There are about 40 of these that they rate themselves on.
So my question is, how should I store this information, should there be columns in my users table for every field and item? This would be nearly 70 fields
or should I setup a table for user_profile, and user_self_evaluation, and have the columns for each in there and have a one-one relationship with the users?
Use separate tables. In this way when you update only self evaluation, you does not need to update the user_profile table. The idea here is to separate the often updated fields in another table, leaving the rarely updated on another location. If the table became large, and the username/password is in separate table, the performance of lookup by userid / username won't be affected by the large amount of update queries, nor you'll bring the whole site down if you alter the self_evaluation table.
But if you are planning to add new evaluations, I'd suggest a different design:
user_profile table with the 25 profile field
self_evaluations table, with id and name, and any meta information about the question; with 1 record per evaluation
user_profile_evaluation with userid, evaluationid, score, extra - with one record for each evaluation of the user.
This way your schema will be much more flexible and you won't need to alter the table in order to add another evaluation.
or should I setup a table for user_profile, and user_self_evaluation,
and have the columns for each in there and have a one-one relationship
with the users?
Yes, this is how you should do it, if you know you won't expand the table in the future. The other option is too bad.
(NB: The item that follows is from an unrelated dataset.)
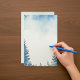 This pretty note paper features a charming hand painted watercolor illustration of snow-dusted pine trees standing tall against a soft blue winter sky. The delicate snowflakes and frosty blue evergreens create a serene, peaceful winter woodland scene. Perfect for letter writing, to do lists, and seasonal notes, this design brings a calm, rustic charm to your holiday correspondence.

If you think you will expand the evaluations in the future, then you can do it like this:
user_self_evaluation table
user_id | evaluation_type | evaluation_value
1 | cooking | 5
1 | singing | 3
2 | cooking | 2
2 | singing | 5
Make the combined columns (user_id, evaluation_type, evaluation_value) a unique or the primary.
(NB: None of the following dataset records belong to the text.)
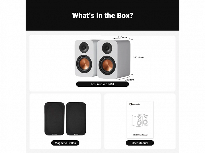 Fosi Audio SP601 jsou kompaktní dvoupásmové regálové reprosoustavy navržené pro domácí HiFi, stereo poslech i menší multimediální sestavy. Nabízí čisté výšky, příjemné střední pásmo a překvapivě pevný bas vzhledem ke své velikosti. Díky neutrálnímu ladění se hodí pro širokou škálu hudebních žánrů i filmový zvuk.
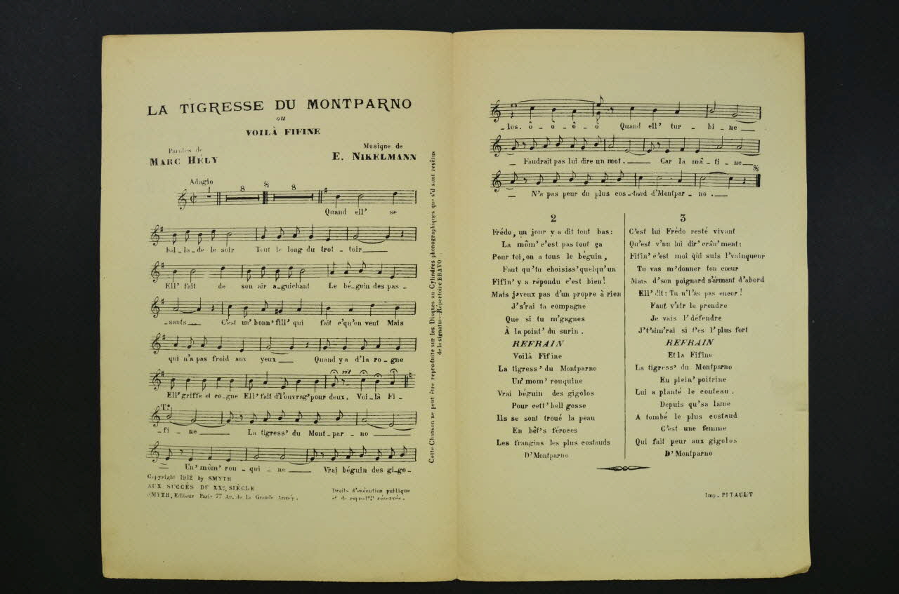 Les inscriptions renseignent le titre de la chanson, le nom des auteurs, de l'artiste et de l'éditeur. A l'intérieur, partition et paroles de la chanson. Au dos, liste d?autres partitions publiées par l?éditeur.Matériaux et techniques
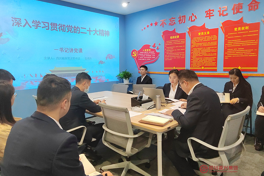 近日,四川融创组织开展“书记讲党课”专题学习贯彻党的二十大精神。公司党员、入党积极分子及全体职工聆听了此次党课,四川融创党支部书记、董事长白鸿杰主讲。

I think the latter one is better, a table with 70 columns is really bad-looking and can get really worse if you try to manage it.
When every question is multiple choice you can also add numbers in one field for each answer.
Let's say you've got four questions with 4 choices:
You could save them as 1433 in one column called answerers, (the first question is answer 1, second answer 4, third answer 3, and last but not least question 4 is answer 3)
Just giving you some choices here.
But if I had to choose between one-one relationship and 1 table, I would choose one one relationship because it's easier to manage later on.
I am sure this is a basic question but I am new to SQL so anyways, for my user profile I want to display this: location = "Hollywood, CA - USA" if a user lives in Hollywood. So I assume in the user table there will be 1 column like current_city which will have ID say 1232 which is a FK to the city table where city_name for this PK = Hollywood. Then connect with the state table and the country table to find the names CA and USA as the city lookup table will only store the IDs (like CA = 21 and USA = 345)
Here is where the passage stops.